Task brief -> Transcribe the full listing without changing a word, and omit its pictures.

Data supplied ->

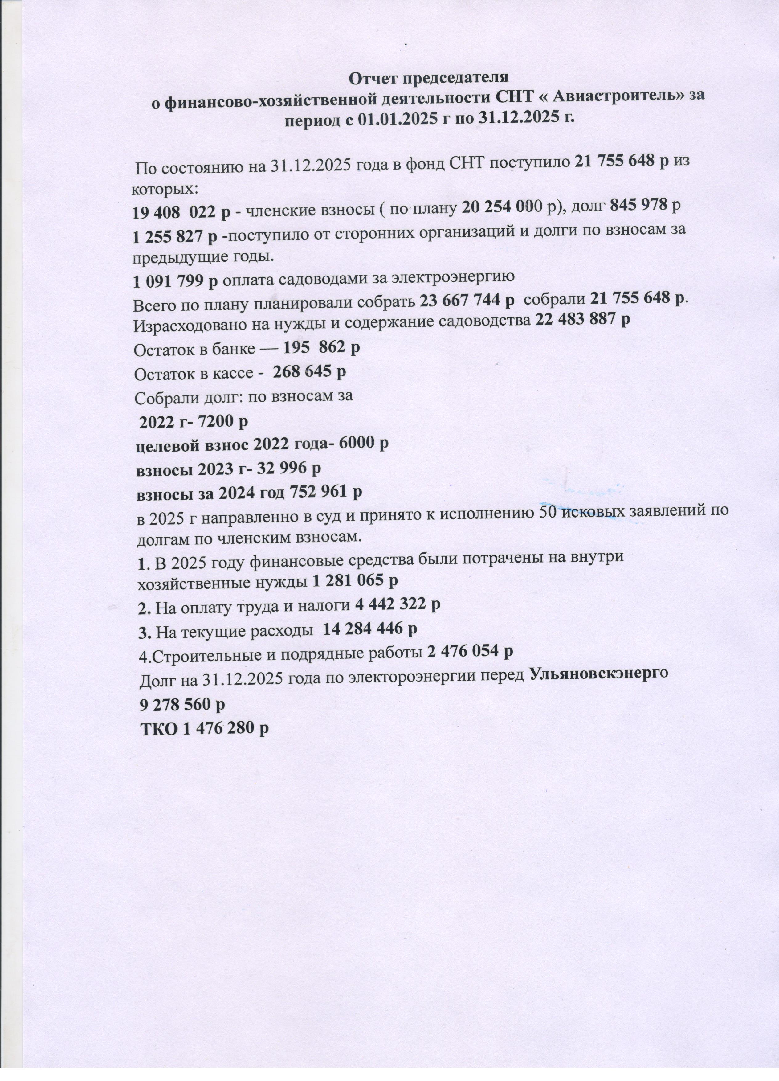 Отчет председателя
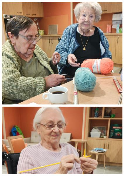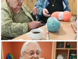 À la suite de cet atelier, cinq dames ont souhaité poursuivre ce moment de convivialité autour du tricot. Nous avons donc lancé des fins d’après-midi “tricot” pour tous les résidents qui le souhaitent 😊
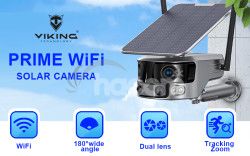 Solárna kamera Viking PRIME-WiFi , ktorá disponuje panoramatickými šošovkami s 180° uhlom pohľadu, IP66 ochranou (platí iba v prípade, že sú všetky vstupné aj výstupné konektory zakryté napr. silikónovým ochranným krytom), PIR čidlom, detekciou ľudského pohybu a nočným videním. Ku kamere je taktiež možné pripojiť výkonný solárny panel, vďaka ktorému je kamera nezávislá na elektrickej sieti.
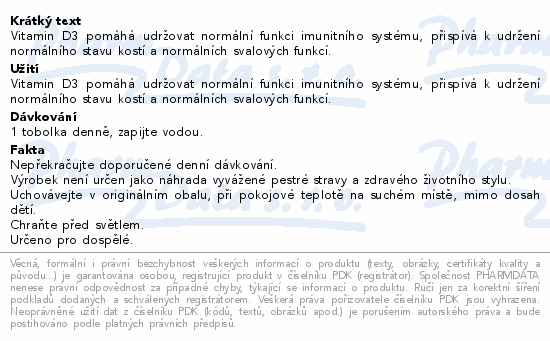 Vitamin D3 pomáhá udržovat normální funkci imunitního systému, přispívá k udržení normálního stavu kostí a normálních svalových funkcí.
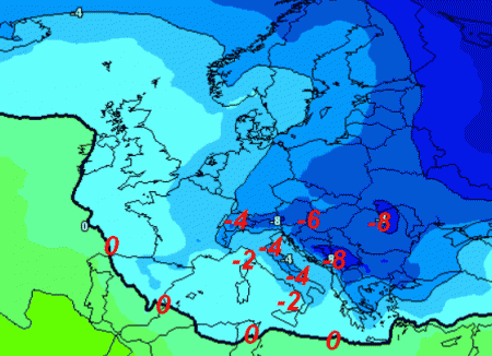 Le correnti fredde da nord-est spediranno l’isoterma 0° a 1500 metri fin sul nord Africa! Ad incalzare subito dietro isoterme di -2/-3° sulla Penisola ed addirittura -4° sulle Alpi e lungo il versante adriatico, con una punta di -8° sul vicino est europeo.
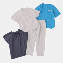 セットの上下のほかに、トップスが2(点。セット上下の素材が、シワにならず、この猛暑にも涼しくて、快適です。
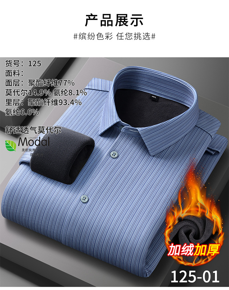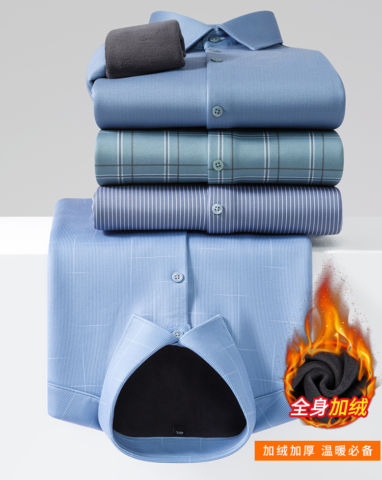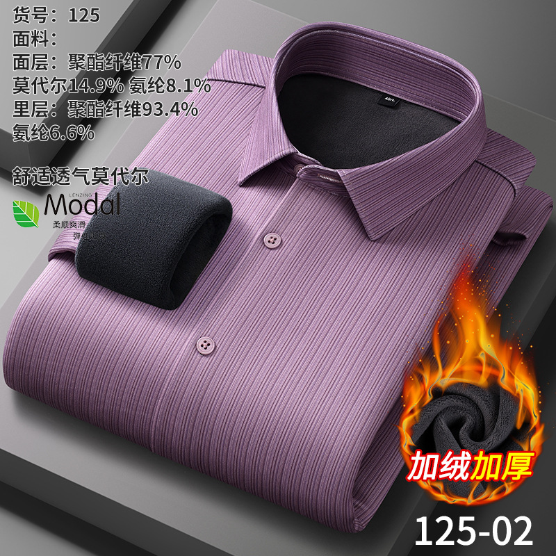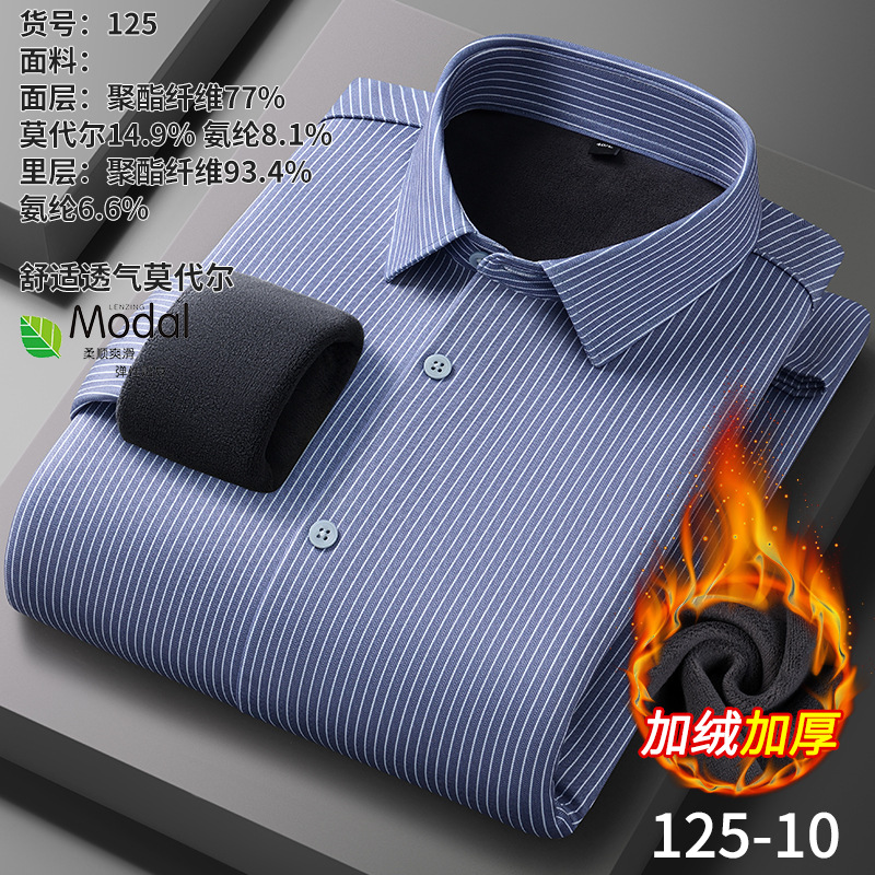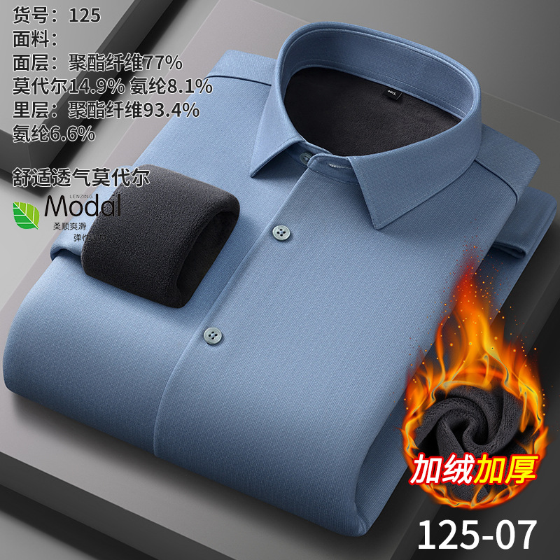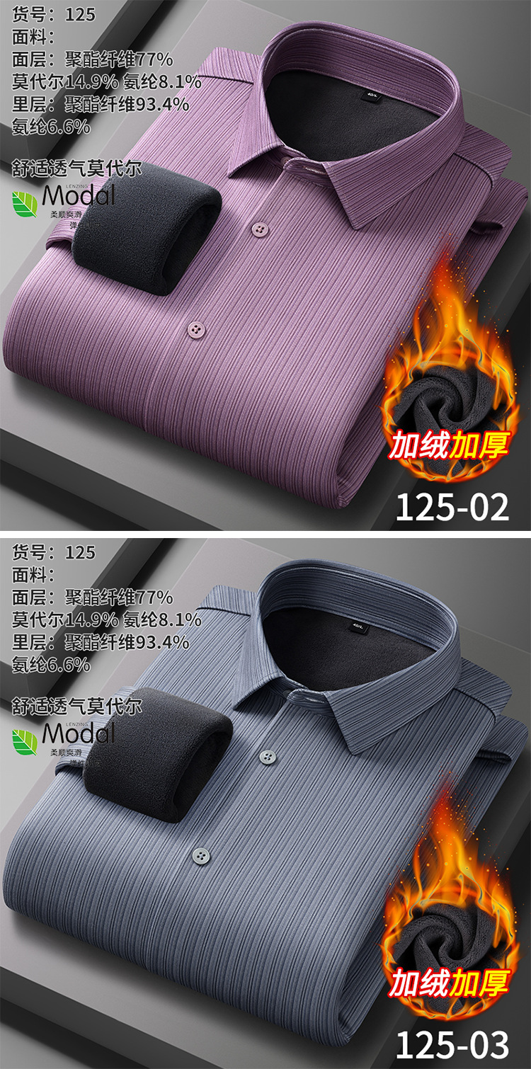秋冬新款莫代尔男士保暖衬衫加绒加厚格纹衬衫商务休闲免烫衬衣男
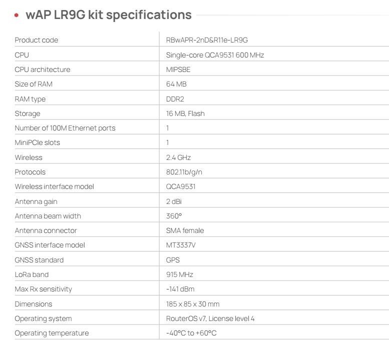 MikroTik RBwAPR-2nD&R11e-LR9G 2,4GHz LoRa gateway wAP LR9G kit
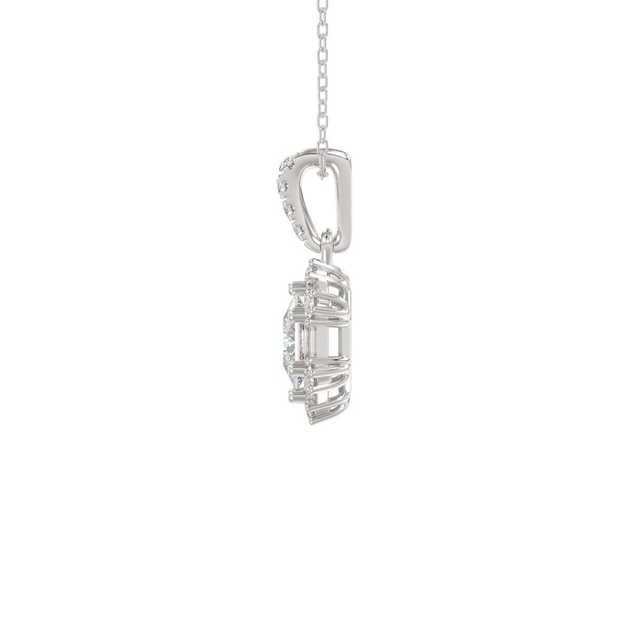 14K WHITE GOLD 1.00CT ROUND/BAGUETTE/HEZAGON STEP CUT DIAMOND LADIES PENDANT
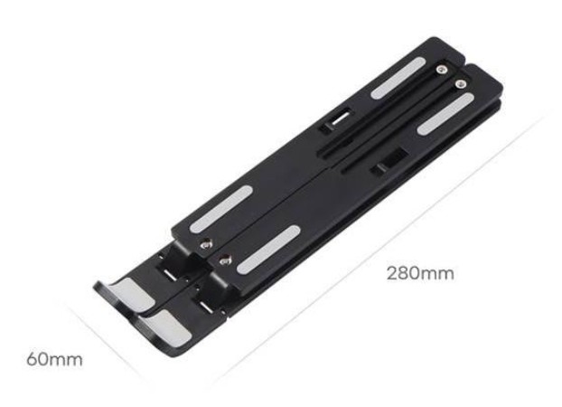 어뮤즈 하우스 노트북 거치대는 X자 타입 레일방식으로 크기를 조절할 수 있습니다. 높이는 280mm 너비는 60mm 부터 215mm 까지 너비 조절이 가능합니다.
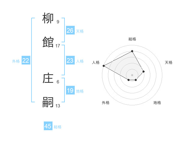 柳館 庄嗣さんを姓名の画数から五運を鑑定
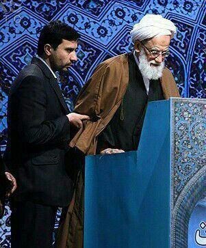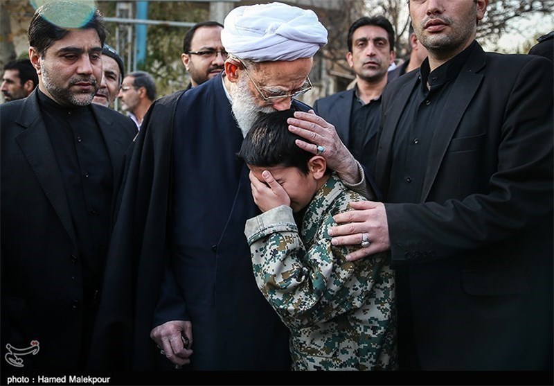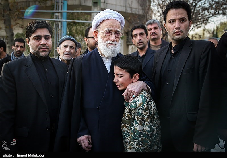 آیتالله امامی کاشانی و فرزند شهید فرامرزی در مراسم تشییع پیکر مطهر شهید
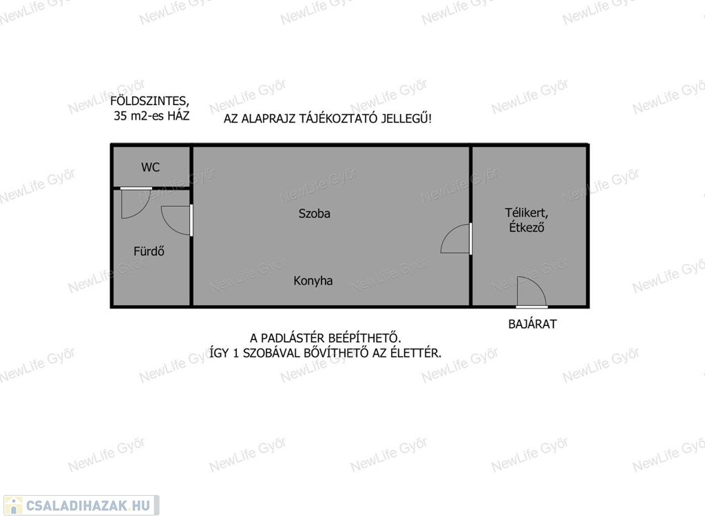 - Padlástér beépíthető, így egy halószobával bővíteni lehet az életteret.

Task result ->
 Отчет председателя
 À la suite de cet atelier, cinq dames ont souhaité poursuivre ce moment de convivialité autour du tricot. Nous avons donc lancé des fins d’après-midi “tricot” pour tous les résidents qui le souhaitent 😊
 Solárna kamera Viking PRIME-WiFi , ktorá disponuje panoramatickými šošovkami s 180° uhlom pohľadu, IP66 ochranou (platí iba v prípade, že sú všetky vstupné aj výstupné konektory zakryté napr. silikónovým ochranným krytom), PIR čidlom, detekciou ľudského pohybu a nočným videním. Ku kamere je taktiež možné pripojiť výkonný solárny panel, vďaka ktorému je kamera nezávislá na elektrickej sieti.
 Vitamin D3 pomáhá udržovat normální funkci imunitního systému, přispívá k udržení normálního stavu kostí a normálních svalových funkcí.
 Le correnti fredde da nord-est spediranno l’isoterma 0° a 1500 metri fin sul nord Africa! Ad incalzare subito dietro isoterme di -2/-3° sulla Penisola ed addirittura -4° sulle Alpi e lungo il versante adriatico, con una punta di -8° sul vicino est europeo.
 セットの上下のほかに、トップスが2(点。セット上下の素材が、シワにならず、この猛暑にも涼しくて、快適です。
秋冬新款莫代尔男士保暖衬衫加绒加厚格纹衬衫商务休闲免烫衬衣男
 MikroTik RBwAPR-2nD&R11e-LR9G 2,4GHz LoRa gateway wAP LR9G kit
 14K WHITE GOLD 1.00CT ROUND/BAGUETTE/HEZAGON STEP CUT DIAMOND LADIES PENDANT
 어뮤즈 하우스 노트북 거치대는 X자 타입 레일방식으로 크기를 조절할 수 있습니다. 높이는 280mm 너비는 60mm 부터 215mm 까지 너비 조절이 가능합니다.
 柳館 庄嗣さんを姓名の画数から五運を鑑定
 آیتالله امامی کاشانی و فرزند شهید فرامرزی در مراسم تشییع پیکر مطهر شهید
 - Padlástér beépíthető, így egy halószobával bővíteni lehet az életteret.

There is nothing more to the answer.